Extracted records:
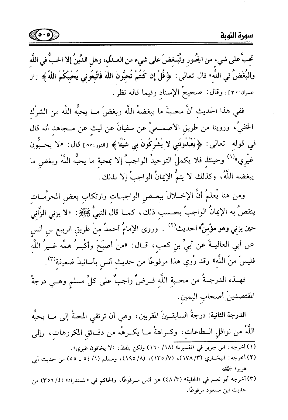 فهذه الدرجةُ من محبةِ اللَّهِ فرضٌ واجبٌ على كلِّ مسلم وهي درجةُ
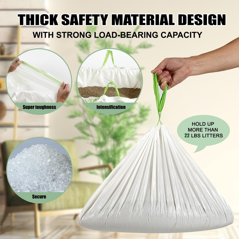 - 【Drawstring Closure】Each litter bag comes with a sturdy drawstring, so all you have to do is gently lift it up and it will do a good job of sealing it for you, isolating odors and making it easy for you to get your cleaning done.
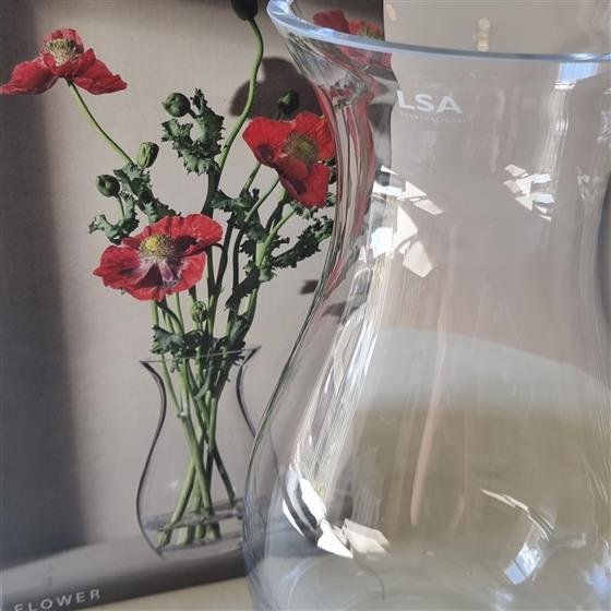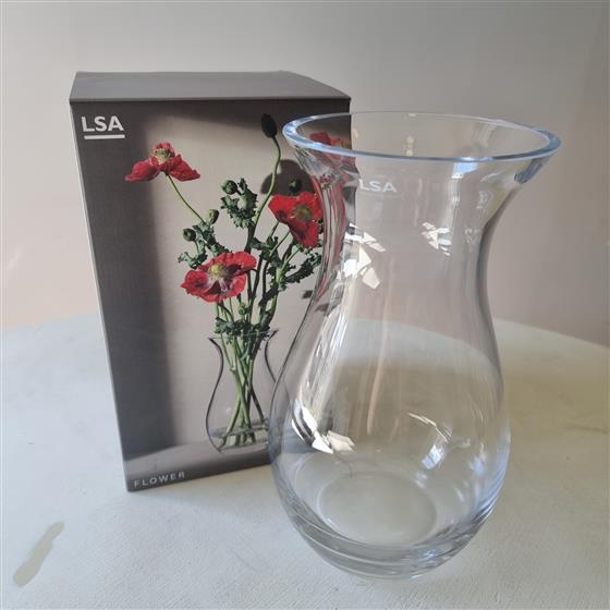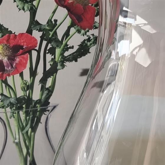A large, mouth blown glass vase with tapered waist, heavy base and thick, curving walls. Designed to hold foliage, branches or tall stemmed flowers.
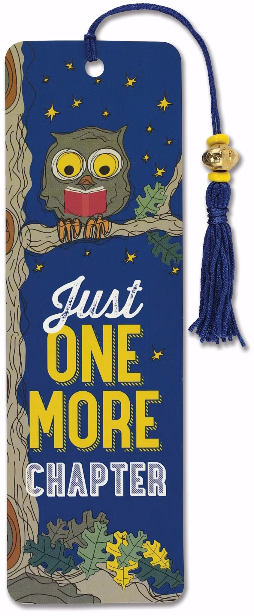 Hitta lätt och rätt till där du slutade läsa med ett riktigt fint bokmärke! Här är ett bokmärke med ugglan som bara vill läsa ett kapitel till!
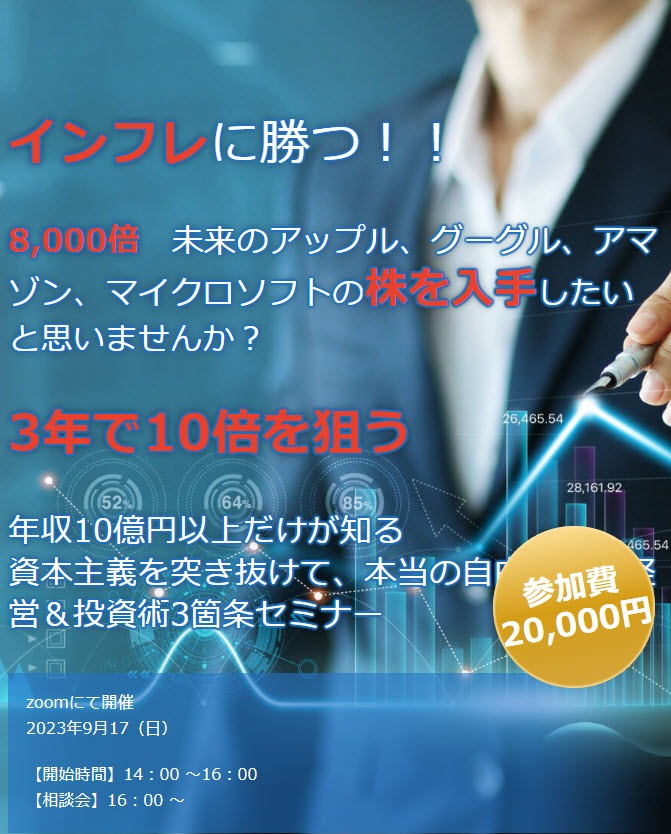 9/17(日)開催 インフレに勝つ 3年で10倍を狙う 年収10億円以上だけが知る資本主義を突き抜けて、本当の自由を得る経営&投資...
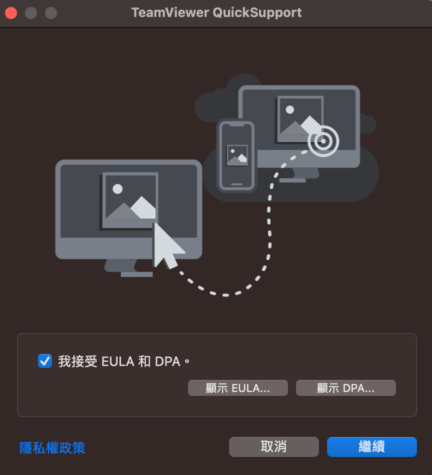 程式開啟後請勾選同意「接受EULA和DPA」的隱私權政策並點選「繼續」按鈕
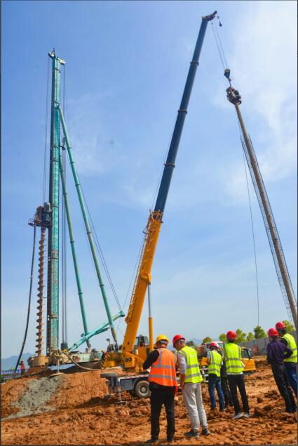 此次樁基施工采用長(zhǎng)螺旋壓灌混凝土技術(shù),灌注樁長(zhǎng)達(dá)16米,樁徑0.8米,為扎穩(wěn)扎牢工程的基礎(chǔ)“骨架”,施工過(guò)程中需按照設(shè)計(jì)標(biāo)準(zhǔn)及工序過(guò)程進(jìn)行嚴(yán)格控制。為此,該項(xiàng)目部精心組織,統(tǒng)籌部署,緊抓施工黃金期,搶造“三通一平”良好施工條件,扎實(shí)開(kāi)展技術(shù)交底,全力推進(jìn)工程“起跑增速”。從開(kāi)孔、成孔、檢孔到澆筑的各個(gè)環(huán)節(jié),合理安排人員設(shè)備,認(rèn)真落實(shí)執(zhí)行報(bào)檢程序,并指派相關(guān)技術(shù)人員全程旁站監(jiān)督,確保了質(zhì)量安全“雙關(guān)”穩(wěn)控在控,效率進(jìn)度“兩線(xiàn)”同步提升。

* ACTION ITEM
The answer must consist solely of the lines from the first line of the records through the line containing "- 【Drawstring Closure】Each", reproduced exactly and without the pictures.

* WRITTEN REPLY
 فهذه الدرجةُ من محبةِ اللَّهِ فرضٌ واجبٌ على كلِّ مسلم وهي درجةُ
 - 【Drawstring Closure】Each litter bag comes with a sturdy drawstring, so all you have to do is gently lift it up and it will do a good job of sealing it for you, isolating odors and making it easy for you to get your cleaning done.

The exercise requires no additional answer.